_Task to carry out_:
Please output the listing exactly as it stands, but omit any images.

_Data for processing_:
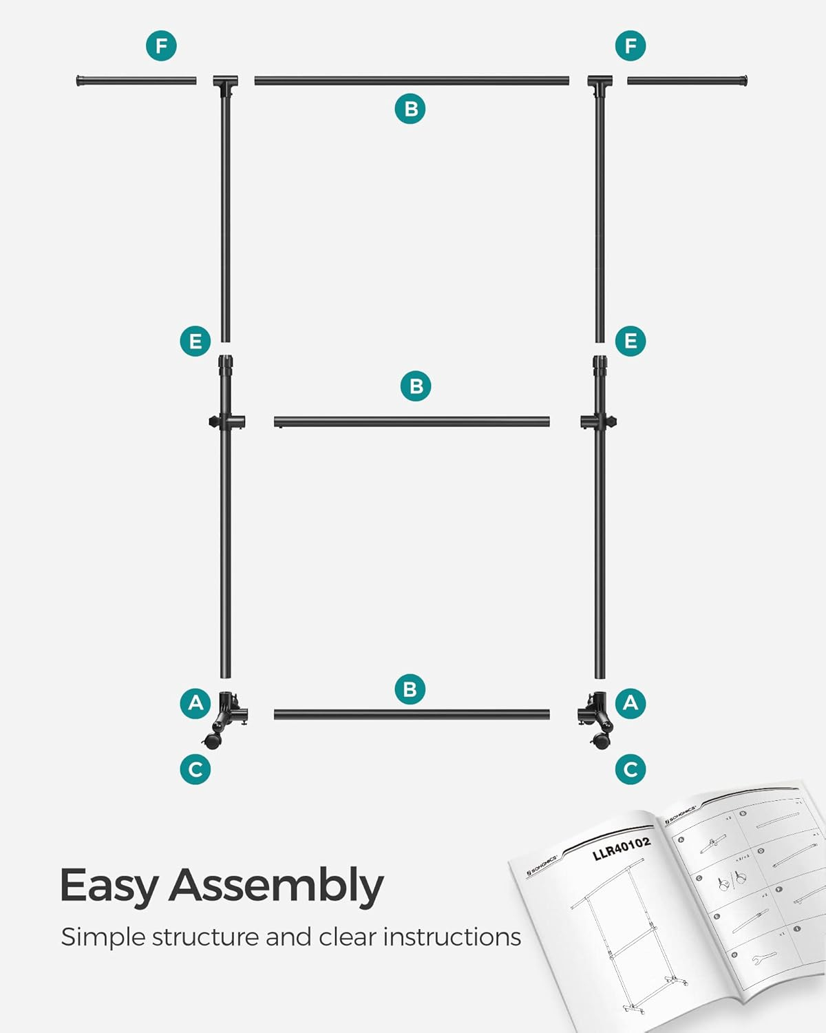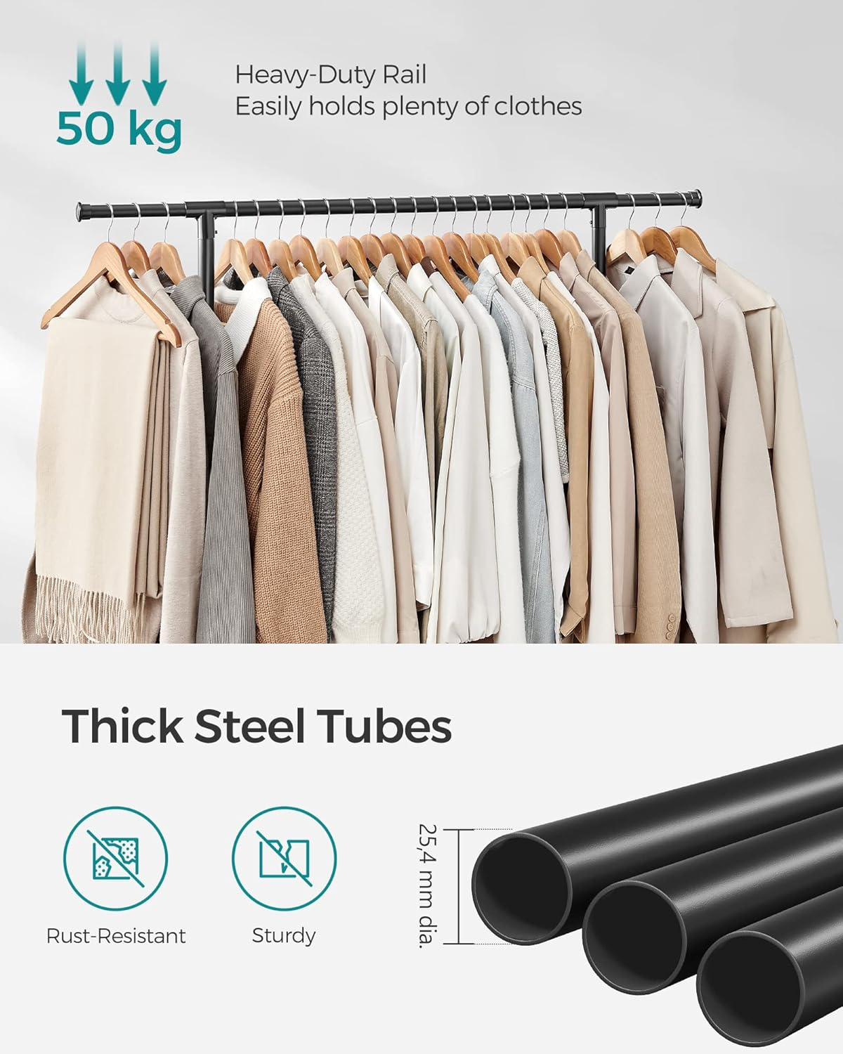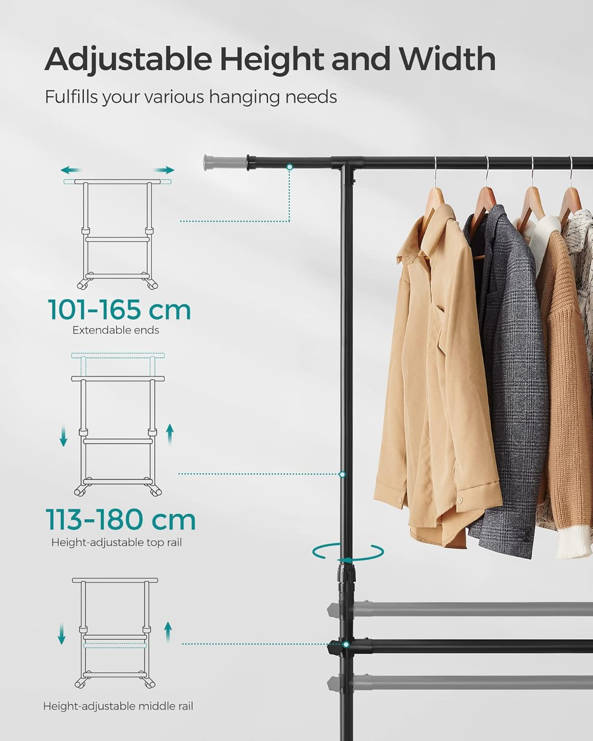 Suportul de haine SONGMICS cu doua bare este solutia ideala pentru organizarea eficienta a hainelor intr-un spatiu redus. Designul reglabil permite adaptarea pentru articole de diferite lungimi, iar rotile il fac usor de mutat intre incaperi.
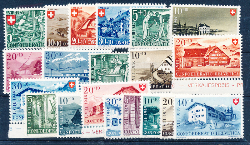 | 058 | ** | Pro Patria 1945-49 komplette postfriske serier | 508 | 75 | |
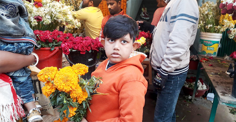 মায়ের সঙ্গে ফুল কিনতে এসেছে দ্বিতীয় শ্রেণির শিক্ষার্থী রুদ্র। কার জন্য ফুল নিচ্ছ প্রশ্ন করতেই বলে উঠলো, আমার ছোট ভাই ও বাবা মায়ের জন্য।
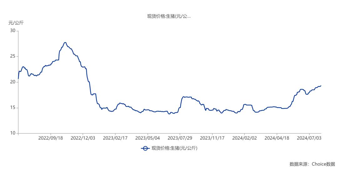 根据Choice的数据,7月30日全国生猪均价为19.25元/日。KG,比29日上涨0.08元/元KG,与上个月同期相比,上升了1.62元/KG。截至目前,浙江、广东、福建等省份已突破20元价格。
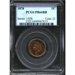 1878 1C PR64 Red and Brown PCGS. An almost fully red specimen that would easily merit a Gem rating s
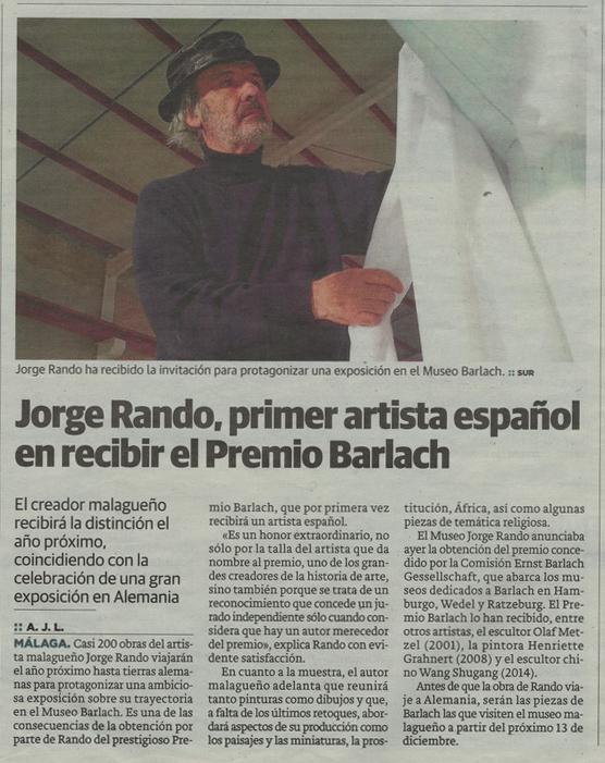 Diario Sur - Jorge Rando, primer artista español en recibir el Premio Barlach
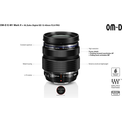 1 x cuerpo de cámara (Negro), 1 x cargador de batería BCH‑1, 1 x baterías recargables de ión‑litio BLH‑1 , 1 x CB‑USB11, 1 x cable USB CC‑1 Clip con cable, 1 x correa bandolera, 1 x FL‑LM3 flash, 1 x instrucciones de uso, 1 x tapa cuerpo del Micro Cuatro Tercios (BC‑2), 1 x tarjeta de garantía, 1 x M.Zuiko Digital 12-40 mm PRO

_Your solution_:
 Suportul de haine SONGMICS cu doua bare este solutia ideala pentru organizarea eficienta a hainelor intr-un spatiu redus. Designul reglabil permite adaptarea pentru articole de diferite lungimi, iar rotile il fac usor de mutat intre incaperi.
 | 058 | ** | Pro Patria 1945-49 komplette postfriske serier | 508 | 75 | |
 মায়ের সঙ্গে ফুল কিনতে এসেছে দ্বিতীয় শ্রেণির শিক্ষার্থী রুদ্র। কার জন্য ফুল নিচ্ছ প্রশ্ন করতেই বলে উঠলো, আমার ছোট ভাই ও বাবা মায়ের জন্য।
 根据Choice的数据,7月30日全国生猪均价为19.25元/日。KG,比29日上涨0.08元/元KG,与上个月同期相比,上升了1.62元/KG。截至目前,浙江、广东、福建等省份已突破20元价格。
 1878 1C PR64 Red and Brown PCGS. An almost fully red specimen that would easily merit a Gem rating s
 Diario Sur - Jorge Rando, primer artista español en recibir el Premio Barlach
 1 x cuerpo de cámara (Negro), 1 x cargador de batería BCH‑1, 1 x baterías recargables de ión‑litio BLH‑1 , 1 x CB‑USB11, 1 x cable USB CC‑1 Clip con cable, 1 x correa bandolera, 1 x FL‑LM3 flash, 1 x instrucciones de uso, 1 x tapa cuerpo del Micro Cuatro Tercios (BC‑2), 1 x tarjeta de garantía, 1 x M.Zuiko Digital 12-40 mm PRO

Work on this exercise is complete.